Amphetamine, a CYP2D6 substrate, is widely used by truck drivers, and the extent to which different people metabolize the drug has only been determined in an isolated or reduced number of samples. A gas chromatography–mass spectrometry method is implemented to simultaneously determine amphetamine, methamphetamine, and hydroxyamphetamine in the urine of drug users. This method is a useful contribution to a well-established field. The main improvements are the use of liquid–liquid extraction, the trapping of the amphetamines as their hydrochloride salt, as a solution to the volatility of these analytes, and its application to assess the CYP2D6 metabolic phenotype of amphetamine users, which is innovative. Calibration curves ranged from 125 to 1000 ng/mL and had an r2 greater than 0.99. The validation data (precision, accuracy, and recovery) shows the reproducibility and selectiveness of the method. The method is applied to determine the metabolic ratio (MR) in 121 urine specimens of federal highway drivers who underwent random mandatory roadside testing for drugs.

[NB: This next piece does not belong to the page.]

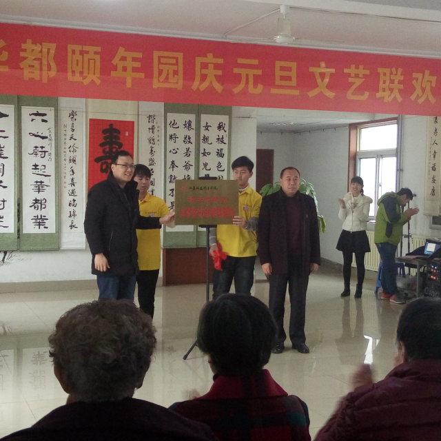 12月29日上午,我系在颐年园进行了大学生社会实践基地挂牌仪式。我系党总支书记陈守学、副书记郝晓、学生党支部书记李涛、学生党支部组织委员车兴飞、颐年园敬老院总经理李垒等参加本次挂牌仪式。

The statistical analysis of the MR shows the presence of three different groups, which according to the established groups for CYP2D6 and the amount of the drug metabolized, are classified into extensive metabolizers (EM), intermediate metabolizers (IM), and poor metabolizers (PM). The biological consequences of these differences in amphetamine metabolism, such as impaired driving, a risk to develop Parkinson’s disease, or an addiction, need to be further studied.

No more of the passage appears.